***** Source information
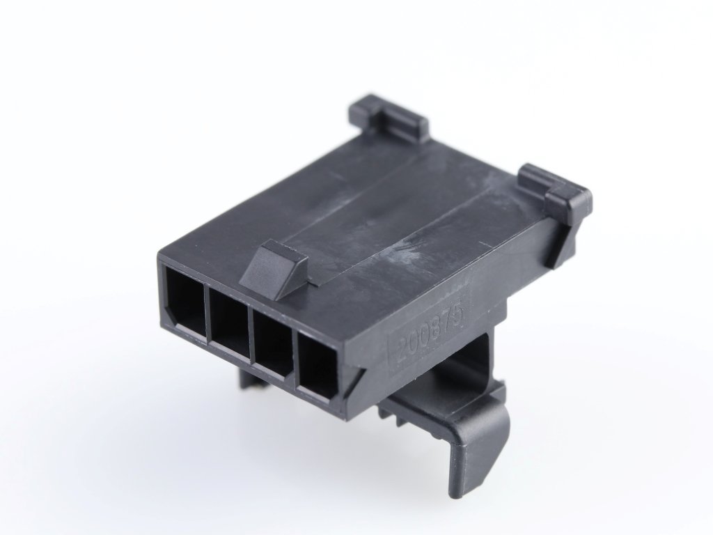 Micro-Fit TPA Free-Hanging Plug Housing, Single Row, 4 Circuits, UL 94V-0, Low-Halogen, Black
**********
***** Source information
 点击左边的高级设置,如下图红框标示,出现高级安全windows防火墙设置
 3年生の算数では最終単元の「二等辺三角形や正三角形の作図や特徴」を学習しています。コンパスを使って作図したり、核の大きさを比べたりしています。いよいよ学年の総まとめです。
**********
***** Source information
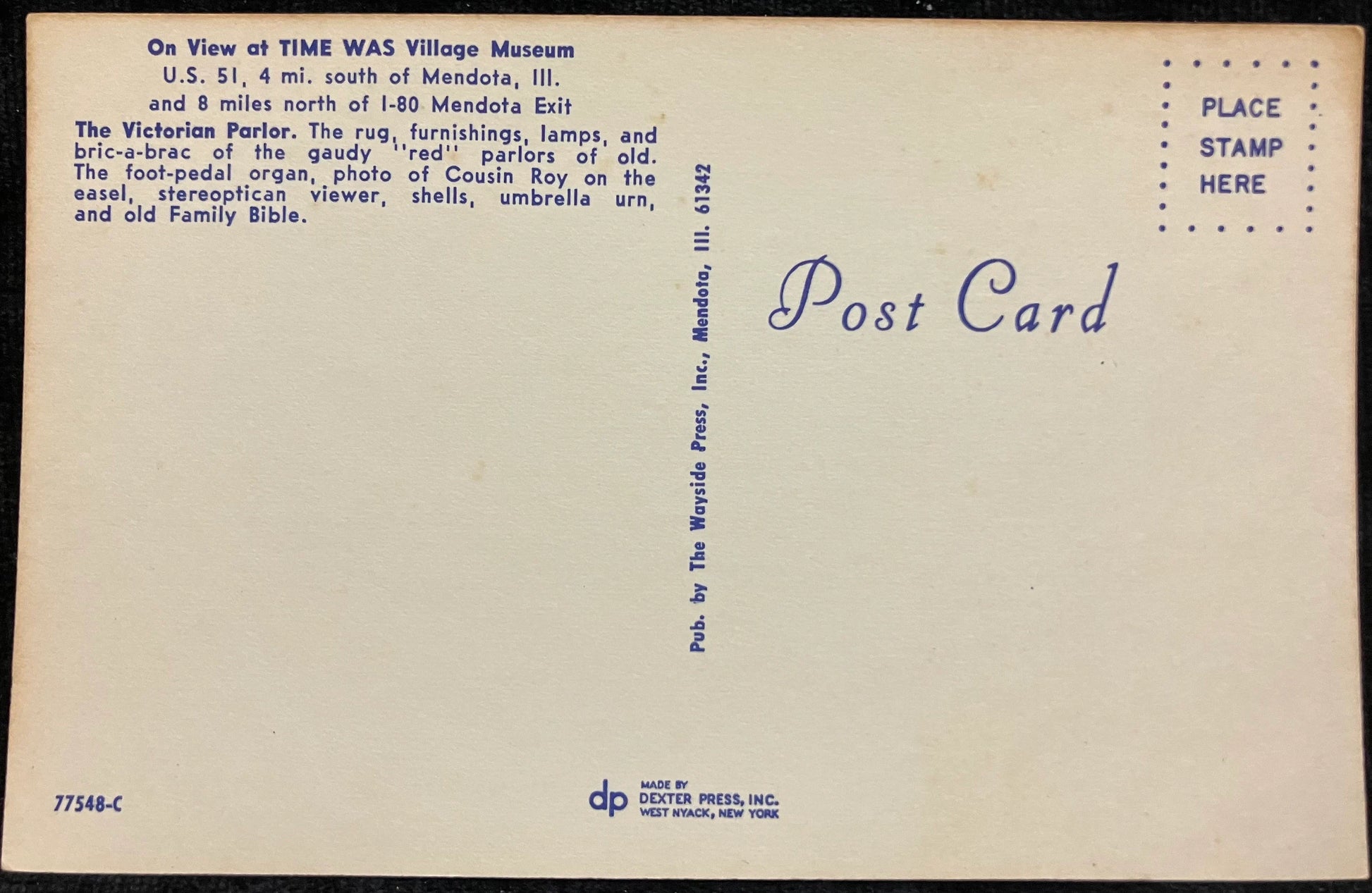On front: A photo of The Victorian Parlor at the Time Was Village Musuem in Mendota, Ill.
**********
### Problem details
All that belongs in the answer is the run of lines above from the line containing "点击左边的高级设置,如下图红框标示,出现高级安全windows防火墙设置" through the line containing "3年生の算数では最終単元の「", exactly as written.

### Result for this task
 点击左边的高级设置,如下图红框标示,出现高级安全windows防火墙设置
 3年生の算数では最終単元の「二等辺三角形や正三角形の作図や特徴」を学習しています。コンパスを使って作図したり、核の大きさを比べたりしています。いよいよ学年の総まとめです。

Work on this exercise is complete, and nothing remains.